Following on from his proposed national 30 day breach notification law, President Barack Obama has also announced new cyber security legislative proposal.
The President has unveiled the next steps in his plan to defend the nation’s systems, including a new legislative proposal, building on work done in Congress, solving the challenges of information sharing and including revisions to the 2011 legislative proposal on which Congress has yet to take action.
The administration’s updated proposal promotes better cyber security information sharing between the private sector and Government, and enhances collaboration and information sharing amongst the private sector.
Specifically, the proposal encourages the private sector to share appropriate cyber threat information with the Department of Homeland Security’s National Cyber security and Communications Integration Center (NCCIC), which will then share it in as close to real-time as practicable with relevant federal agencies and with private sector-developed and operated Information Sharing and Analysis Organisations.
The Administration’s proposal would also safeguard Americans’ personal privacy by requiring private entities to comply with certain privacy restrictions such as removing unnecessary personal information and taking measures to protect any personal information that must be shared in order to qualify for liability protection.
Recognising that law enforcement must have appropriate tools to investigate, disrupt and prosecute cyber crime, the administration’s proposal contains provisions that would allow for the prosecution of the sale of botnets, would criminalise the overseas sale of stolen US financial information and would expand federal law enforcement authority to deter the sale of spyware used to stalk or commit ID theft, and would give courts the authority to shut down botnets engaged in distributed denial of service attacks and other criminal activity.
The proposal also modernises the Computer Fraud and Abuse Act by ensuring that “insignificant conduct” does not fall within the scope of the statute, while making clear that it can be used to prosecute insiders who abuse their ability to access information to use it for their own purposes.
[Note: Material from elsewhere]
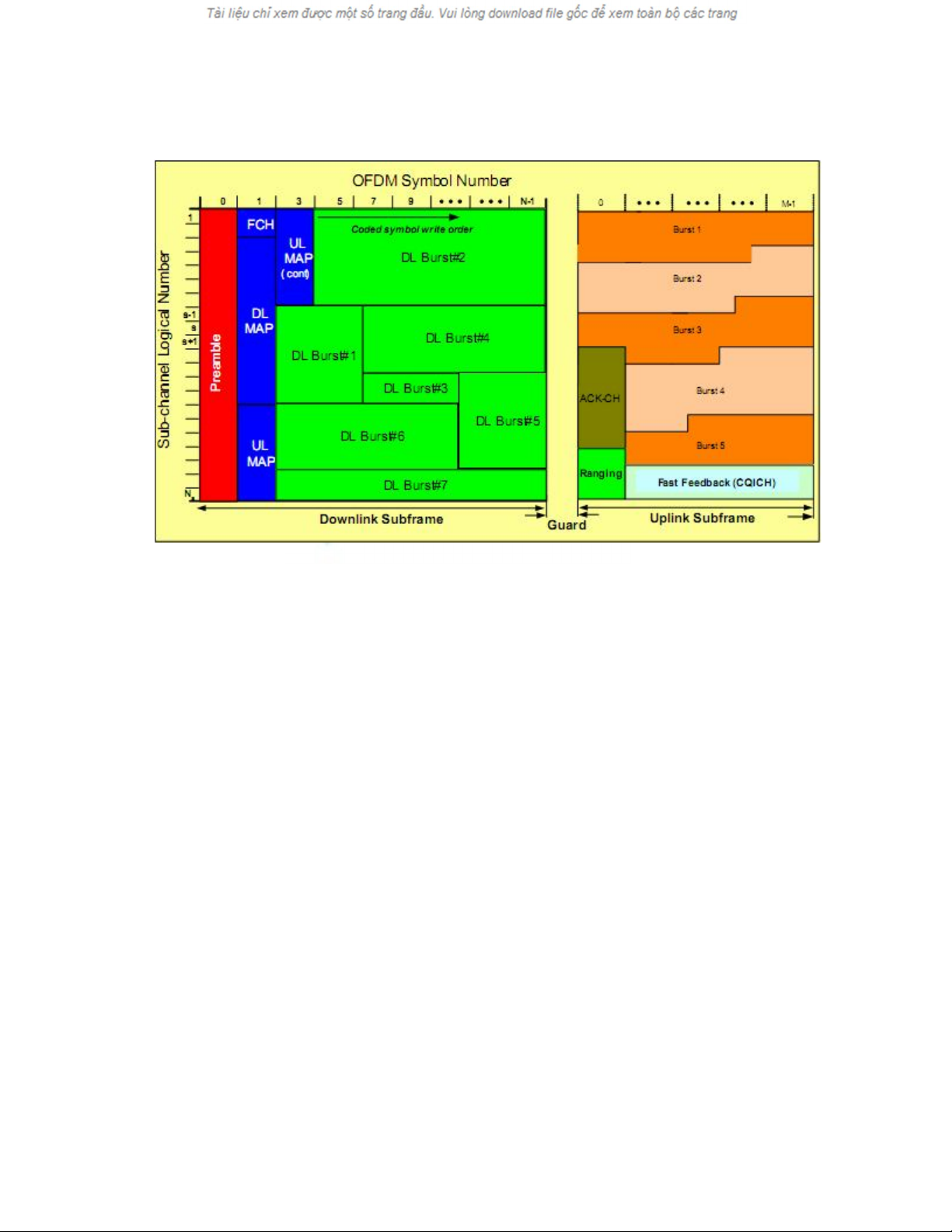 Hình 14 mô tả cấu trúc khung OFDM ở chế độ TDD. Mỗi khung được chia thành các

Other efforts include a White House Summit on Cyber Security and Consumer Protection on February 13th to bring together major stakeholders on cyber security and consumer financial protection issues. Also, more grants to Historically Black Colleges will be given for cyber security education.
Eric Chiu, president and co-founder of HyTrust, said: “The recent privacy legislation announced by Obama is a good step towards enabling companies to better share information on security threats and ensure that consumers receive consistent privacy notification.
“However, like any legislation, this won’t change how companies act unless there are real consequences and penalties. Also, with breaches happening more frequently and the damage getting bigger – especially when the primary threat is coming from the inside – this legislation will do little to slow down or stop the real threat.”
Steve Hultquist, chief evangelist at RedSeal, said: “The President has increased the focus on cyber security, through a combination of visibility and modernisation of laws to take into account the current understanding of cy
ber crime. This combination underscores the inexorably growing threat of cyber attack, including theft, espionage and sabotage.
“All organisations with networked systems need to deploy such analysis before it’s too late, and the President’s initiatives make clear that the attacks will continue to escalate for the foreseeable future.”
Richard Turner, VP EMEA at FireEye, broadly welcomed the proposals. “Intelligence is a critical component of any proactive security strategy and its distribution can help reduce the number of victims in a given cyber attack,” he said.
“However, to be fully effective, information needs to be contributed to and shared by both the public and private sectors. Crucially, appropriate procedures need to be established for the sharing of intelligence in order to avoid infiltration by threat actor groups.”